Selain itu, cara yang juga ramah lingkungan adalah dengan membudidaya maggot.

"Sisanya 20 persenan itu plastik, masa plastik juga pakai insinerator, itu didaur ulang. Sisanya yang sekian belas persen tadi ya gak mungkin juga kalau kemudian pakai insinerator, artinya gak visible."

"Kenapa? Karena tadi yang saya bilang, kalau insinerator itu di negara-negara maju memang dipakai di Jepang dan juga di Singapura. Insinerator di Jepang dan di Singapura semua dikoneksikan utilitynya untuk pembangkit listrik," sambungnya. 

"Jadi gas berbahaya di capture, ditangkap, diarahkan untuk pembangkit listrik," timpalnya lagi.

Petahana Depok Gagal Paham

Menurut Chandra, paslon nomor 01, Imam Budi Hartono (IBH) dan Ririn gagal paham. Sama juga seperti masalah gentrifikasi.

"Kalau yang ditanya mungkin teman-teman lain yang lagi di pinggir jalan bukan pejabat pemerintahan, itu mungkin hal yang biasa, tapi ini yang ditanyakan adalah notabene orang ini wakil walikota, enggak tau.
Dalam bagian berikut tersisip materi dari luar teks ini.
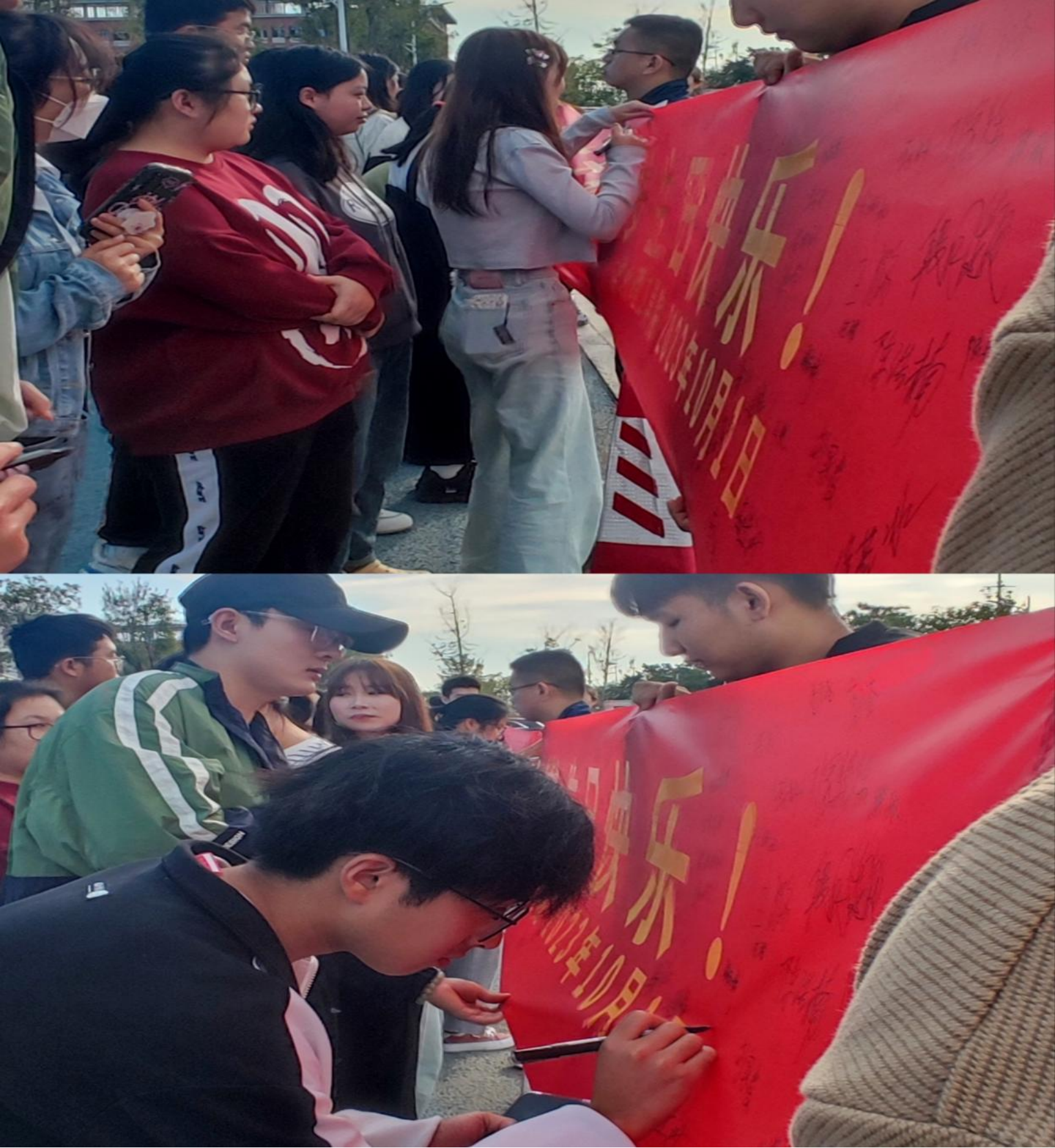 升旗仪式后,同学们在“祝伟大的祖国74岁生日快乐”横幅上签名,签字活动强化了同学们的爱国心,激励着同学们奋发图强,以崭新的面貌迎接新的学习和生活。

Ngakunya pengalaman, tapi enggak tahu gentrifikasi gitu loh," ucap Chandra.

"Jangankan udah jadi wakil walikota orang yang mau jadi pejabat tingkat kota aja itu harus tahu yang namanya gentrifikasi, apalagi sudah ngakunya pengalaman jadi wakil walikota, masa gentrifikasi kemudian dipersepsikan sebagai genderfikasi," ujarnya lagi.

Mantan aktivis itu kemudian menegaskan, bahwa genderfikasi juga tidak ada di Kamus Besar Bahasa Indonesia (KBBI). 

"Jadi kok akhirnya jawabannya malah ke perempuan naik angkotlah, angkot ber-AC, apa itu yang kemarin bilang enggak nyambung, seperti itu loh," tuturnya.

"Jadi kalau menurut saya sih masyarakat bisa menilai ya, mana yang cuma omon-omon, mana yang menguasai permasalahan," tuntas Chandra.